Mrs. L. remembers my mother. They would be nearly the same age if Ma were still alive. "She was a lot of fun, your mother. I miss her. That man," she points to the hedge just beyond her croton hedge cut far to low by her son who is no-yard-man-by-her-definition, "I miss him, too. He just died last year. Nice man."
We shared a few minutes of the day, and laughed at the reality of forgetfulness. "I have to ask my daughter to sign this thing for me. Why? Because I cannot remember my own name." In a quarter of a morning's hour, one tiny Chinese woman remembers that my mother was a lot of fun, recalls a long ago tragedy we shared, and tells me her grandchildren don't like it when she confuses their names. I wondered if she knew my mother whistled while she cooked, and playing music-by-ear on a termite-riddle stand-up piano.

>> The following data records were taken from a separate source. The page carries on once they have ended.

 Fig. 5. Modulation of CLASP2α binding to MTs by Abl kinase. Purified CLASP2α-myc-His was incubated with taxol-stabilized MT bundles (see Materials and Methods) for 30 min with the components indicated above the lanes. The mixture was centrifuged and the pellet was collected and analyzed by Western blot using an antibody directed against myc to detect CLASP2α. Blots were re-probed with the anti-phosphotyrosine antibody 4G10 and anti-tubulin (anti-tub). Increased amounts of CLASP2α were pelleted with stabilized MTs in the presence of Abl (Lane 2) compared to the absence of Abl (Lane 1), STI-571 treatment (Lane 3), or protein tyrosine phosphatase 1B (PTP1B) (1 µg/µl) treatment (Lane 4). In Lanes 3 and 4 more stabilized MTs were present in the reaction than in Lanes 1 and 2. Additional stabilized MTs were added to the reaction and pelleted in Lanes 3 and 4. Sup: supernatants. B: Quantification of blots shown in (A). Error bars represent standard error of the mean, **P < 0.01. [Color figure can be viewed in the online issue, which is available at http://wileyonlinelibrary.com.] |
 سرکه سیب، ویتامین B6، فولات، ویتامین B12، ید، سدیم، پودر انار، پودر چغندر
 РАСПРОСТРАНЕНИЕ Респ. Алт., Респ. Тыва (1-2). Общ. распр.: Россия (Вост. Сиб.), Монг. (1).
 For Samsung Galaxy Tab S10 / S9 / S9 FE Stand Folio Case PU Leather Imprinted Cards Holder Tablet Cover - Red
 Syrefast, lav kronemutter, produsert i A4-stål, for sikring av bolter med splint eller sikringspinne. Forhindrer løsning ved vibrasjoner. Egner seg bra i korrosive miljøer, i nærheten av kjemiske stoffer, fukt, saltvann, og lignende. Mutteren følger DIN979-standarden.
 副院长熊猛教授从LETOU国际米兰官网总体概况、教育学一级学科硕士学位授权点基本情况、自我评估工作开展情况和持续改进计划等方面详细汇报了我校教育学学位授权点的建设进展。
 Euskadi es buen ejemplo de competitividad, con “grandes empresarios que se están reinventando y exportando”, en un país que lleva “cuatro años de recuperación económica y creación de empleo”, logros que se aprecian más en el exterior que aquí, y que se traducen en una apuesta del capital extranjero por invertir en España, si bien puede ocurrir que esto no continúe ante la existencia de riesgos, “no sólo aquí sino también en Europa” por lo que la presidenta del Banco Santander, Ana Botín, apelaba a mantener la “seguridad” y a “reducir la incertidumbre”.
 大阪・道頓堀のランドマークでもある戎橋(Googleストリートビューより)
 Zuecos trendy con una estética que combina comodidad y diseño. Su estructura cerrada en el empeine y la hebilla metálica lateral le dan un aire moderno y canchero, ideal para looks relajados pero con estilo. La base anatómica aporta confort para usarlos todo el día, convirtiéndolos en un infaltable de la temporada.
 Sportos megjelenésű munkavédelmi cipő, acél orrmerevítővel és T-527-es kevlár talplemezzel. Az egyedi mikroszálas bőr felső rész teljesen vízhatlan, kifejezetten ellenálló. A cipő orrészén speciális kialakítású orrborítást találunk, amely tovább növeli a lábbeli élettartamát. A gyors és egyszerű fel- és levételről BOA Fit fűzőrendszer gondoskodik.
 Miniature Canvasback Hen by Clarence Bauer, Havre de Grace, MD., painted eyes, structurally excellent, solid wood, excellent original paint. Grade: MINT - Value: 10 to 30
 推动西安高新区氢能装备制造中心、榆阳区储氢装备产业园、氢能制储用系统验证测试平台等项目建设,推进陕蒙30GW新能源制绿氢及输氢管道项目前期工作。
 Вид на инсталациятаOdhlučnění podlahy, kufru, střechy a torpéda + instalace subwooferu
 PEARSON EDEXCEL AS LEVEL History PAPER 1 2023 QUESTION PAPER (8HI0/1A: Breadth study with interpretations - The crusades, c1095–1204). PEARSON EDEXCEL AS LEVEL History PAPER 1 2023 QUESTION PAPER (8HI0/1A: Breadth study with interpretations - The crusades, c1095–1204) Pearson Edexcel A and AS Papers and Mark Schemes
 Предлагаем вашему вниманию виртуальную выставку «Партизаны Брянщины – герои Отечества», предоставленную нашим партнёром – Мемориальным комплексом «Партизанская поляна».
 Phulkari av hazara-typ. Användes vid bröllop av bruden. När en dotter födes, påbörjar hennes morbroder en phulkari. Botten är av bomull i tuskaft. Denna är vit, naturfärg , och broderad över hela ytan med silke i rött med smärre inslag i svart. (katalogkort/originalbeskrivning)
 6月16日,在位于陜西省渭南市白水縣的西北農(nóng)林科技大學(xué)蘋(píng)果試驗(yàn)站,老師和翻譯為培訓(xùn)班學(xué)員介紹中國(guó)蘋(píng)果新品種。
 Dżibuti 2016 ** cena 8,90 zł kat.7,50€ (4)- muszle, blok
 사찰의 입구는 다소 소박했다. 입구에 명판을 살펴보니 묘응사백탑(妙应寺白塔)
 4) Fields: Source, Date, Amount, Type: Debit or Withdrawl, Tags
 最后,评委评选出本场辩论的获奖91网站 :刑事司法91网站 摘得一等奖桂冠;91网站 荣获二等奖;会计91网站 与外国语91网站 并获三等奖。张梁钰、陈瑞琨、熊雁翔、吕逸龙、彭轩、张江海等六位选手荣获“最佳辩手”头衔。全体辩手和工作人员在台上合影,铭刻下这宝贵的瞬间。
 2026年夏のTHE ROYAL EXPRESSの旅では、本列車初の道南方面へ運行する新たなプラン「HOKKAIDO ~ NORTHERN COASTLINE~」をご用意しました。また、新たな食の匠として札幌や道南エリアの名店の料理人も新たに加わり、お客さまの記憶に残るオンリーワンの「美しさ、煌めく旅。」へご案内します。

Our small-time, friendly neighborhood -kind-of-chat was familiar, gentle words, lots of laughs, remembering, forgetting and raking up fallen leaves. Like the sound of Pick-up-Sticks falling, I listen with the ears of that small child whose heart opened up with those gentle sounds. Listen, can you hear them?"
~o~

Thank you, mahalo nui to all those gentle and tricky sound makers of Kuliouou. And to you, my Believing Mirrors, friends who value my art, and keep me at the keyboard sniffing for words, I ask for your prayers: "Keep me in your prayers each day, as the winter sets in, helping me to gather those stories and pili them into a book that can be passed like genes, or mist in an island valley. I may reach across the email channels or leave a message on your cellphone to check in when I begin another day of assembling this long story, long." Knowing you are there can make this journey much less lonely.

Are you with me? Let us dance and move our joints as our bodies say in our ways: "We are a fiesta."